I tend to keep the peace by staying quiet. At work, in my family, even in my friendships. I don’t speak up when something bothers me because I don’t want to make things worse. Even in the past when trying to speak my mind, I’m told I’m overreacting or that I shouldn’t be upset.

But I’m noticing how much resentment I carry. I replay conversations in my head, I vent privately, and I feel unseen. How do I find the courage to speak up without making everything explode?

— Quiet But Boiling

Dear Quiet,

Thank you for reaching out; It sounds like you feel unseen in these conversations. That’s really hard, especially when any efforts to feel seen are dismissed.

The first thing I’d like you to know is that you do have a voice and it does matter. If anyone tells you otherwise, it’s either because they’re too worked up to give your words the space they deserve, or, they don’t like what you have to say.

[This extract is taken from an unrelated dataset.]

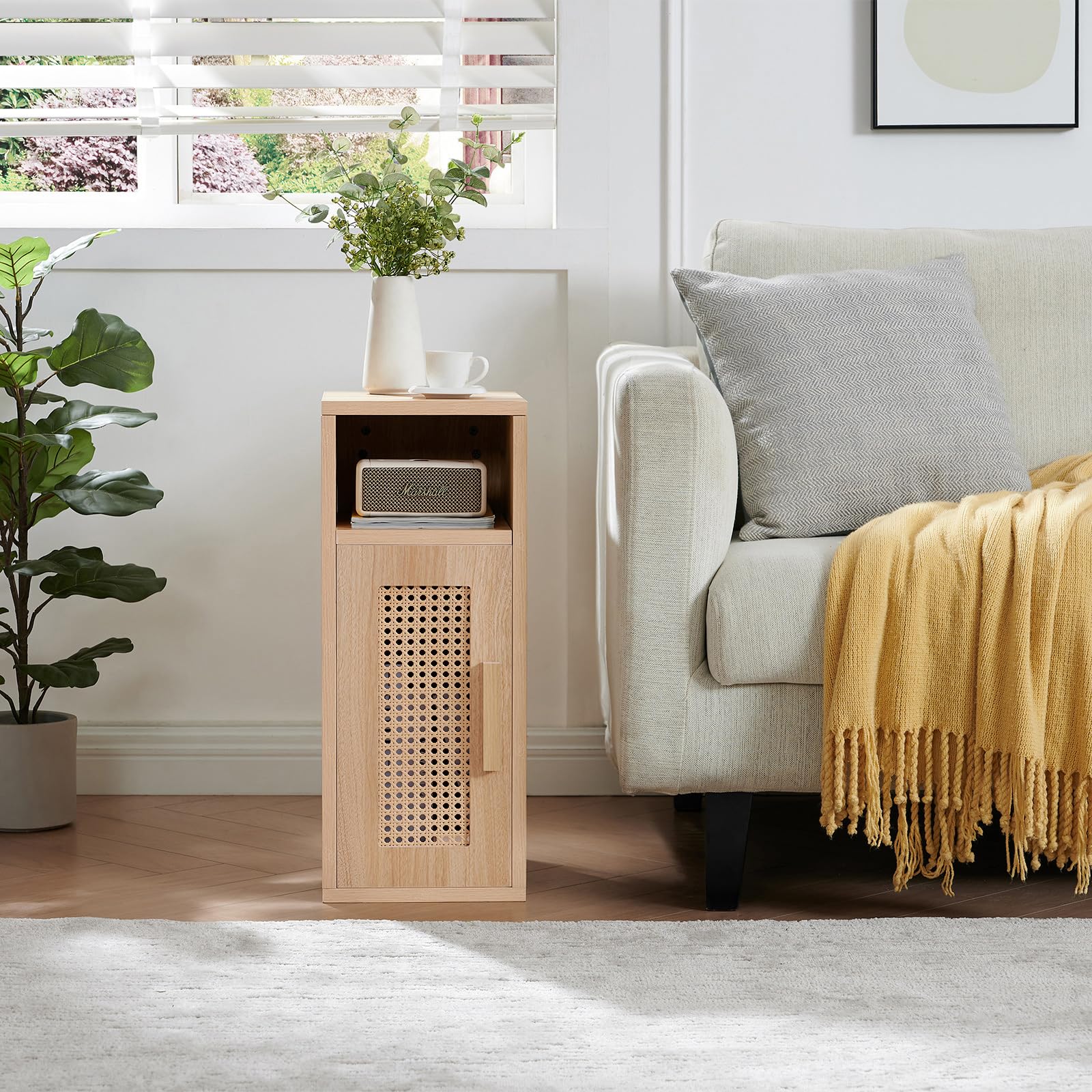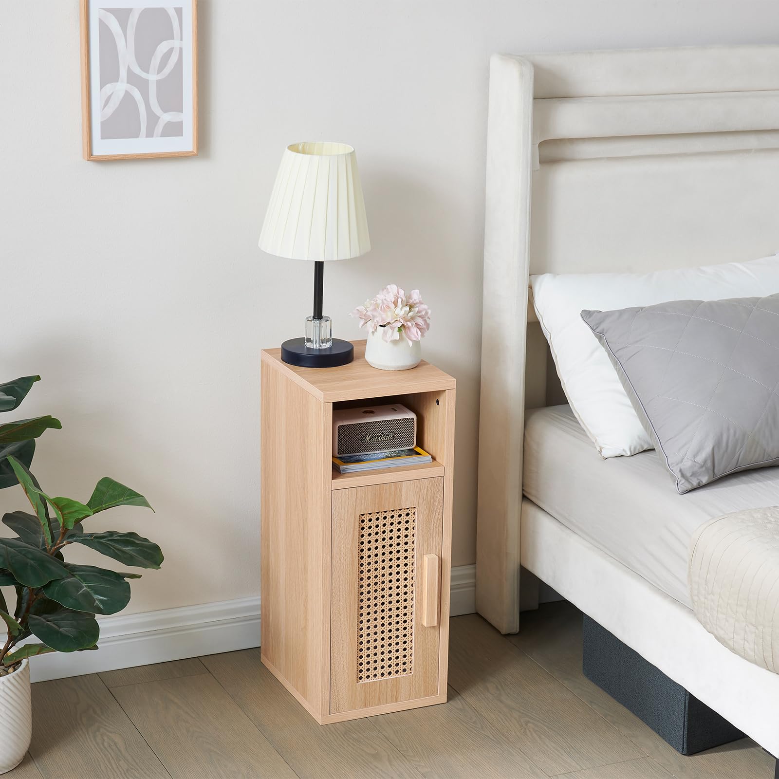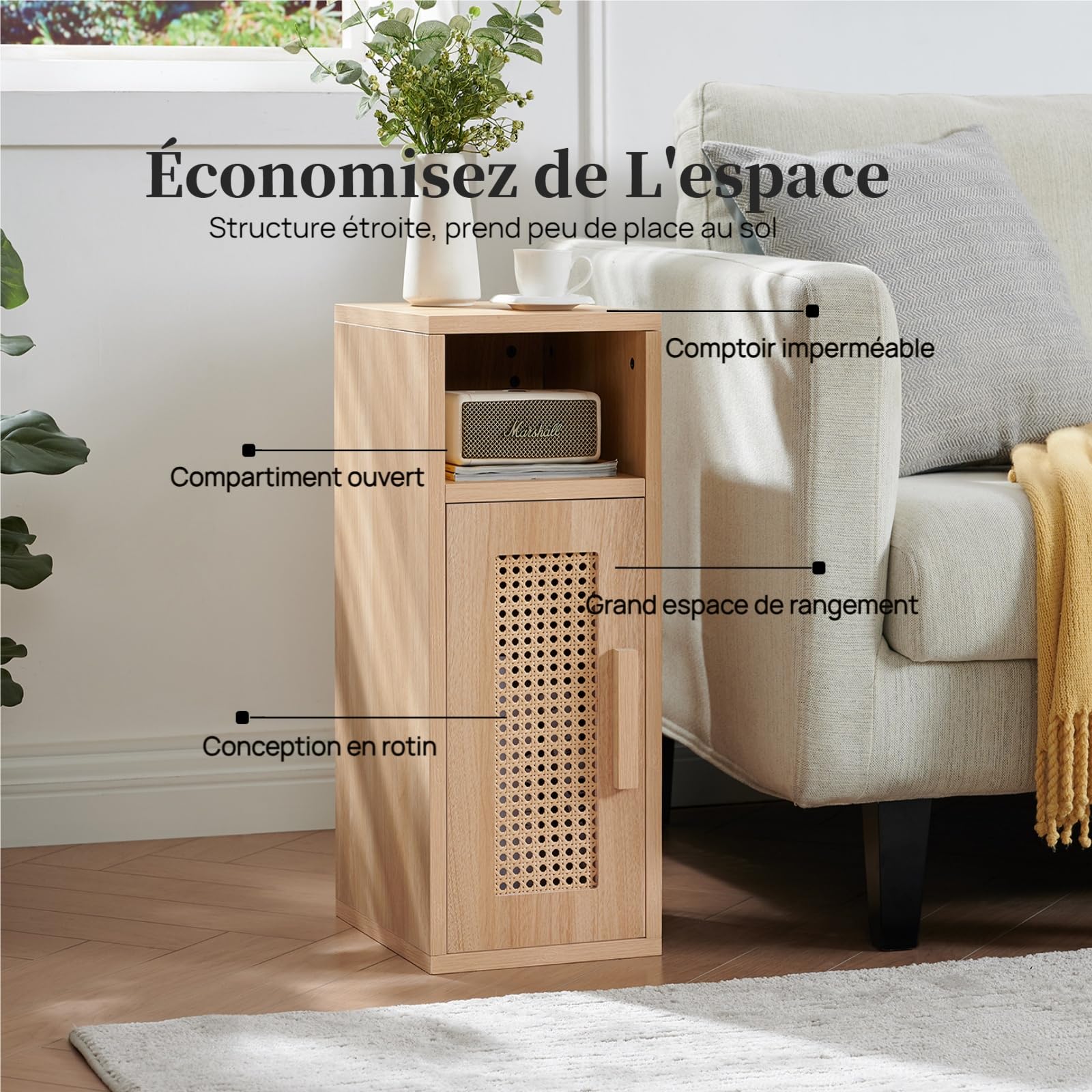 - 【RANGEMENT DIVERSIFIÉ】 Ces Table de Chevet en Bois sont très pratiques avec ses plusieurs compartiments. Table d'appoint de canapé une niche ouverte et un placard fermé composé d'une porte en rotin tressé cannage. Ces tables de chevet pour adulte pourront accueillir des livres et magazines et tous vos effets personnels.Table de chevet lot de 2 fine afin de répondre à vos besoins de rangement quotidiens et maintenir l'ordre.

Being quiet can keep the peace, but when there are legitimate issues to be resolved, not saying your piece won’t keep the peace. There are times when remaining silent can be powerful; I’m not saying it can’t be beneficial. The trick is knowing when to stay silent and knowing when to cast aside the learned behavior of being seen and not heard.

Being seen is a biological need for humans as social animals. Regardless of how we express ourselves, we need to express ourselves. When we are unable to do so or we’re shut down, the inevitable result is resentment. I’ve been there Quiet, it hurts.

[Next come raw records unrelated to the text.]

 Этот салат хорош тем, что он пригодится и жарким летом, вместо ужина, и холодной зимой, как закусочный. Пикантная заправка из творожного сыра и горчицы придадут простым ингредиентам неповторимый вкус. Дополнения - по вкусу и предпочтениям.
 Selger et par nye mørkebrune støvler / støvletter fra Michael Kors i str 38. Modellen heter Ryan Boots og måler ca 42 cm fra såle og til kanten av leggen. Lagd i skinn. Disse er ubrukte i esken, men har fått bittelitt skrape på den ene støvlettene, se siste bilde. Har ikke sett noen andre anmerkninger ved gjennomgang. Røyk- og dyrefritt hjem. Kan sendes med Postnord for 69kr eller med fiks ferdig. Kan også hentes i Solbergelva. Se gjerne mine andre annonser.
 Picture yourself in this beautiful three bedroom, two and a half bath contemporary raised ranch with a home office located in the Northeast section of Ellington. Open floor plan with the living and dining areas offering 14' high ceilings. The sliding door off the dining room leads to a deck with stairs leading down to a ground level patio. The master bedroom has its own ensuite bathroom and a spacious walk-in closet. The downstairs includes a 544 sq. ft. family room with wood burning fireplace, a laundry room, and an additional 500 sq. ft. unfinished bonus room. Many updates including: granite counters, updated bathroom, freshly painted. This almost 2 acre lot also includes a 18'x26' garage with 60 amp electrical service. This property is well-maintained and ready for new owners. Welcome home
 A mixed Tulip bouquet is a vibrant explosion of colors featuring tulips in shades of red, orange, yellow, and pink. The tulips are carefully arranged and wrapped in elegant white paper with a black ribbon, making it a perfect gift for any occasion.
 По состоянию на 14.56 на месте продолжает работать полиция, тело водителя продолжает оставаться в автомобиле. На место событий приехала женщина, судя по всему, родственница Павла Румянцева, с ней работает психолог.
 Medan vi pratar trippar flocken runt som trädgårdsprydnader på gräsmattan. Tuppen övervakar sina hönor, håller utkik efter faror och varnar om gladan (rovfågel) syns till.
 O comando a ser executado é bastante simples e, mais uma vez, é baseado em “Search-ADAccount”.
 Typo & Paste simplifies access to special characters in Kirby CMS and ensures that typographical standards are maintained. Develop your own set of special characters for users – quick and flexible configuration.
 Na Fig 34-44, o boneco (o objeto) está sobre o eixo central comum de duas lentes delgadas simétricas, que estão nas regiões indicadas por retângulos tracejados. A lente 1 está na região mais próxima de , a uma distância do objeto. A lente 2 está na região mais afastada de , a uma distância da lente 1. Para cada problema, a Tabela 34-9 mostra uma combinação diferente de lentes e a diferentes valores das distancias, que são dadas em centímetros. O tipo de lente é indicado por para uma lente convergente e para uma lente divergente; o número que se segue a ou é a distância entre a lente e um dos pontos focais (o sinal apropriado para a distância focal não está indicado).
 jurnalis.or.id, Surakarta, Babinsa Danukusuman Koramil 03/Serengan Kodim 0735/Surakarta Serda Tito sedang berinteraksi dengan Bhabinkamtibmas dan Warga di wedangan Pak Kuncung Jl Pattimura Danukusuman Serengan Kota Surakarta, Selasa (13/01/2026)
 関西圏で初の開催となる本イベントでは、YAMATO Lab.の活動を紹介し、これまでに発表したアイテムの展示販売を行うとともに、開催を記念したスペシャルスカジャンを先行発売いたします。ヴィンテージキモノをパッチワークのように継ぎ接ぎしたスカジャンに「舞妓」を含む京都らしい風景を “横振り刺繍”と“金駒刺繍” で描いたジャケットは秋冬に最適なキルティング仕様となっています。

One trick I’d like you to try is curiosity. You know something is bothering you, but digging deeper about why something is especially provoking may give you a clearer way to communicate your frustration. Feel free to be curious about their words, too. It could be that the other person isn’t expressing themselves the best they can.

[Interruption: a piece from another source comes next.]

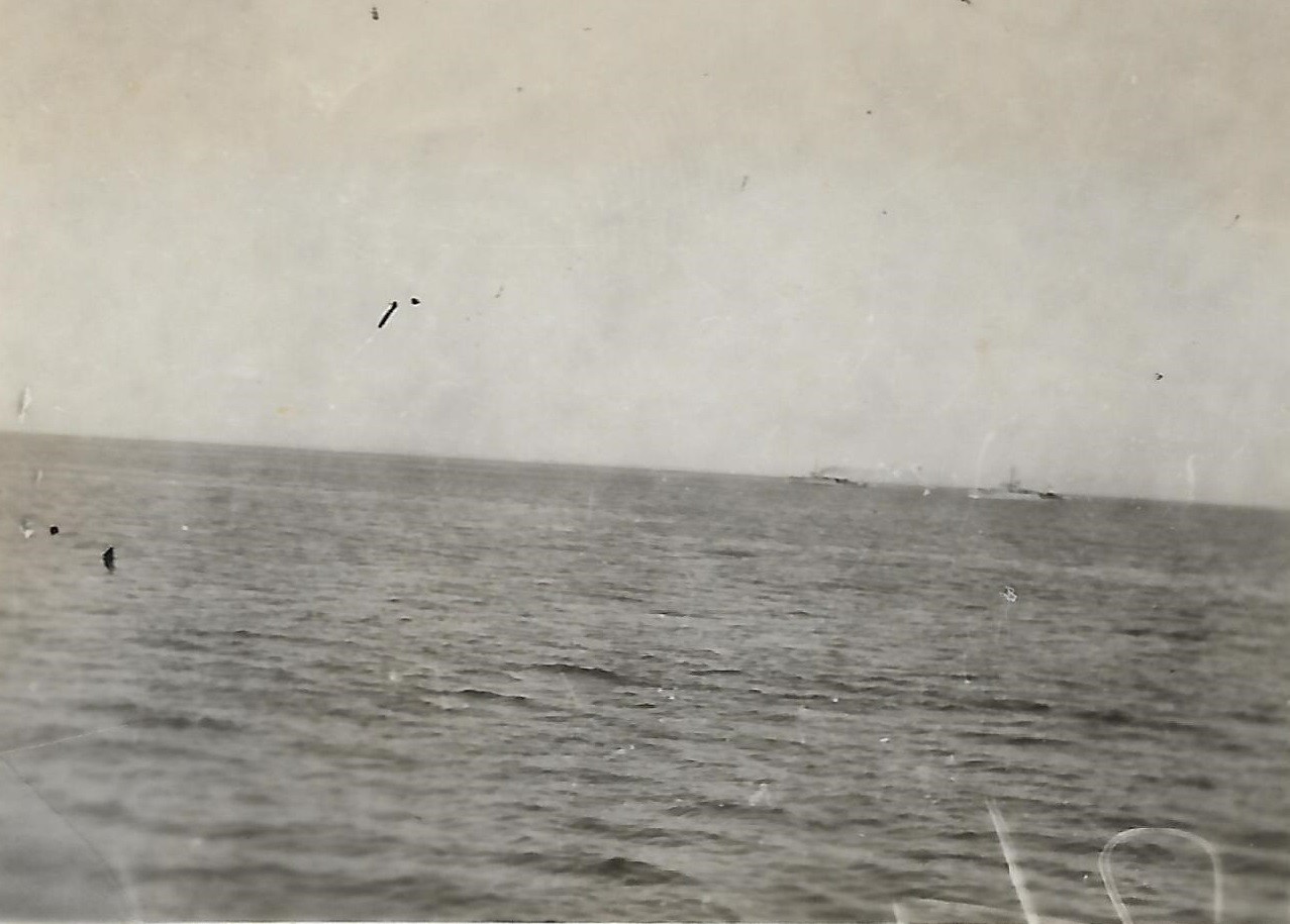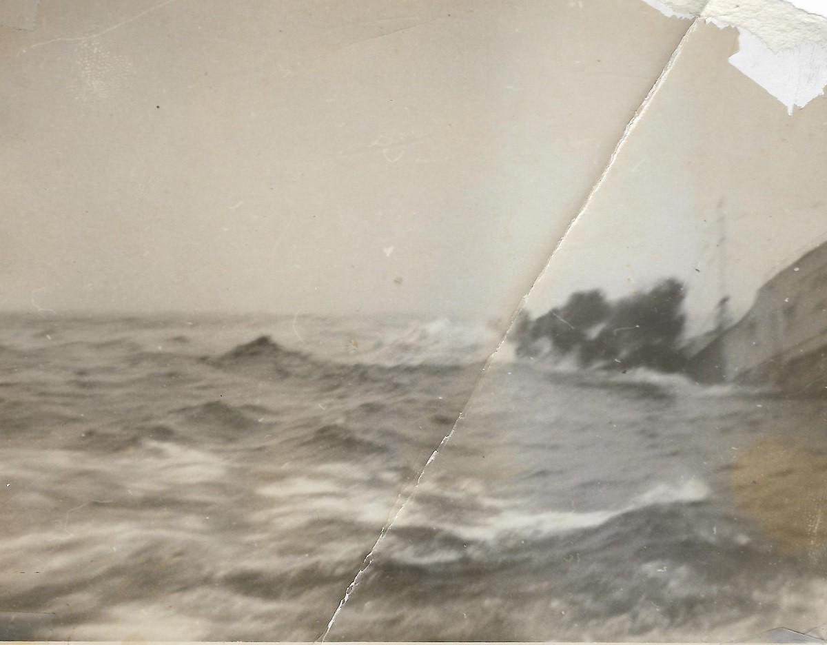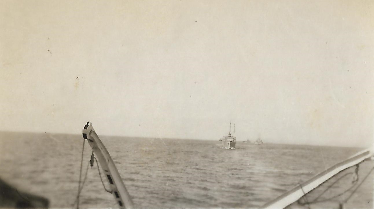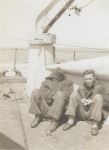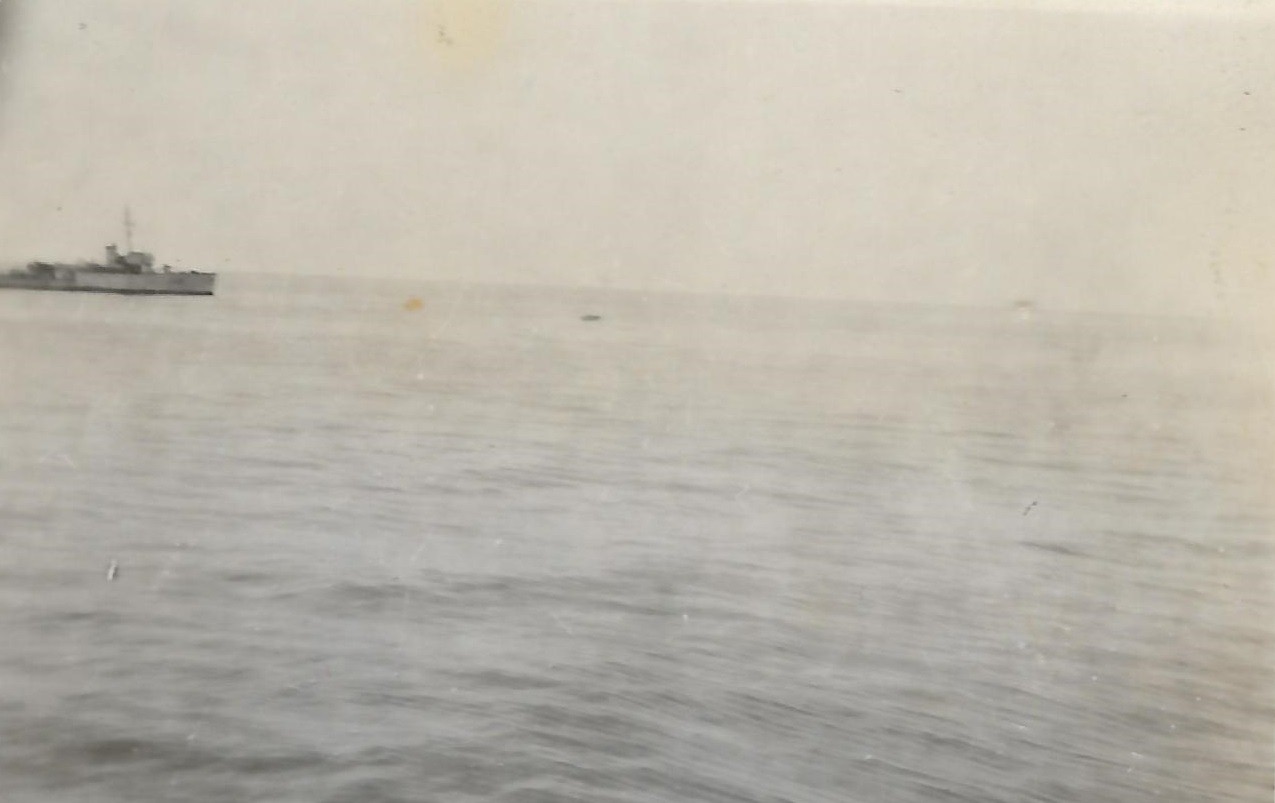 (PP004) HMCS GODERICH sinking the bow section of the "SS British Freedom" with depth charges // This above photo is from the collection of Paul Pigeon. It is not known who Jean-Guy Desforges (of 8245 Berri Nor, Montreal) is - crew member of GODERICH or perhaps a survivor of the merchant ship. If you have any info on him please send me an email. (PP005) HMCS GODERICH J260 in drydock at Saint John, NB, being repaired after her collision with tanker Iocoma in Halifax harbour (PP006) L-R: Boam, Pigeon, Cunningham, unknown, unknown (PP007) In the galley on HMCS GODERICH - L-R: Boam, unknown, Pigeon From the collection of Paul Pigeon, Cook (S), RCNVR Courtesy of Patricia Pigeon

Most importantly, Quiet, you have to get closure from these conversations. Once you’ve found out why something in particular bothers you, you can speak up with curiosity and get deeper into understanding. But without some clear end to the conflict, that resentment could linger.

There are a few ways to get closure out of hard conversations. Probably the most productive is to express gratitude. If you both (or all) have truly tried to understand one another and they’ve let you speak your mind through curiosity, you can just say something along the lines of, “thank you, this has helped.”

Keep in mind that not every conversation is a conflict. But every conversation, like conflict, should give you some kind of progress, some way to move forward. Good luck, Quiet. I see you.